EXERCISE DIRECTIONS:
Going from the top of the listing below to the line that holds "SAUMON ATLANTIQUE DE", reproduce each line exactly; no pictures.

BEGIN

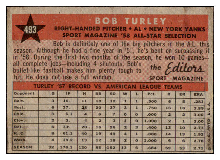 1958 Topps Baseball #493 Bob Turley A.S. Yankees EX-MT 530570
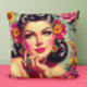 Cute Retro Floral Pin-up Portrait Cushion
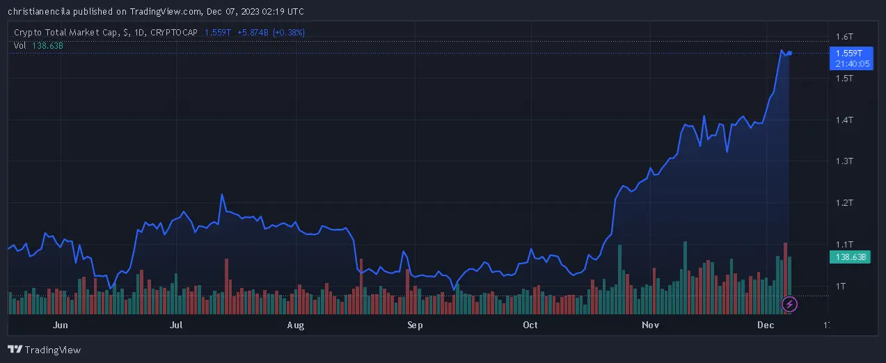 As of today, the market cap of cryptocurrencies stood at $1.55 trillion. Chart: TradingView.com
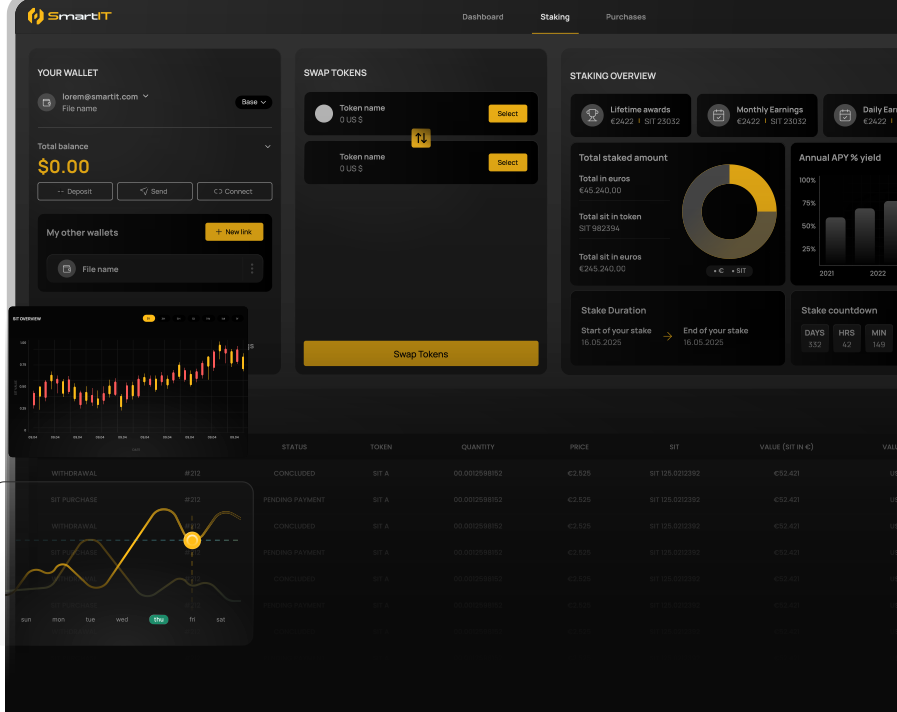SIT dient dir als „Zugangsschlüssel“ zu verschiedenen Funktionen der SmartIT Plattform, einschließlich Staking, Liquidity Mining sowie zur Nutzung und Interaktion mit Smart Contracts und anderen dezentralen Anwendungen. Und das Beste:
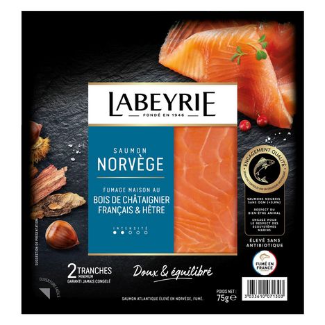 SAUMON ATLANTIQUE DE NORVEGE FUME 2 TRANCHES 75G
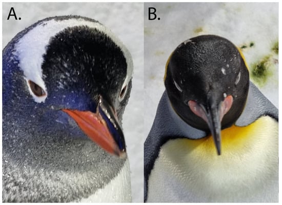 Penguins (Spheniscidae), being birds, are members of the only extant dinosaur clade and, as such, have inherited a highly evolved visual system, in many respects ‘better’ than that of mammals and one which has likely been integral to their ability to colonise some of Earth’s most extreme environments []. Vision is likely a key driver of penguin behaviour [] (p. 27). Of note, penguins have a relatively small olfactory bulb compared to many other birds [] and loss of sight due to dense cataracts has been noted to cause significant behavioural changes, such as being easily startled [,]. Although all are flightless, they are a diverse and numerous clade with a wide latitudinal spread and a diverse behavioural repertoire. Given this, their charismatic nature, and their economic significance—particularly for tourism—the penguin visual system has long been a subject of interest.
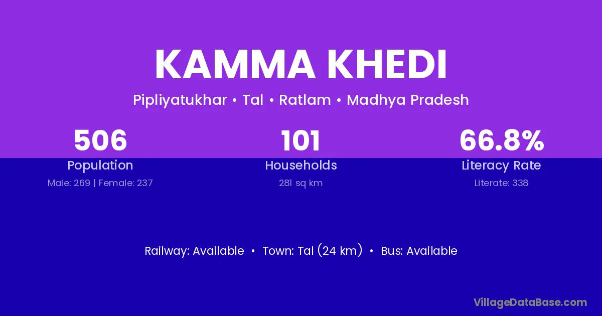 Kamma Khedi village has a total population of 506 people, of which 269 are males and 237 are females.
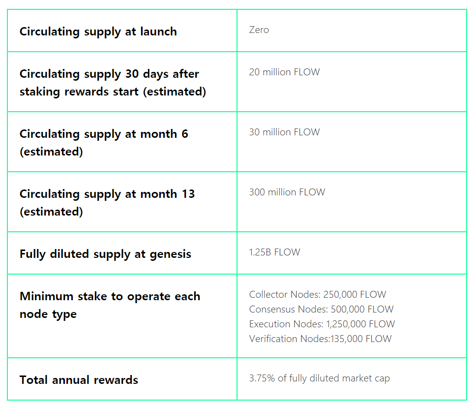 코인리스트에서의 토큰 세일을 포함하여 배포되는 모든 FLOW토큰에는 전송제한 조건이 붙어 있습니다. 따라서 첫 해에 시중에 유통되는 토큰은 밸리데이터 노드 운영자에게 지급되는 보상 뿐이며, 메인넷 출시 후 30일 동안 밸리데이터 노드 운영자에게 2,000만 개의 FLOW토큰이 공급됩니다.
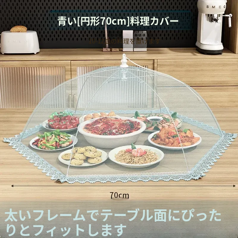 【70cm】円形『約10-12皿の料理をカバー可能』✅️アイランドブルー【メッシュ孔密度アップ/防塵・防虫/特太フレーム】

END

RESPONSE BELOW:
 1958 Topps Baseball #493 Bob Turley A.S. Yankees EX-MT 530570
 Cute Retro Floral Pin-up Portrait Cushion
 As of today, the market cap of cryptocurrencies stood at $1.55 trillion. Chart: TradingView.com
SIT dient dir als „Zugangsschlüssel“ zu verschiedenen Funktionen der SmartIT Plattform, einschließlich Staking, Liquidity Mining sowie zur Nutzung und Interaktion mit Smart Contracts und anderen dezentralen Anwendungen. Und das Beste:
 SAUMON ATLANTIQUE DE NORVEGE FUME 2 TRANCHES 75G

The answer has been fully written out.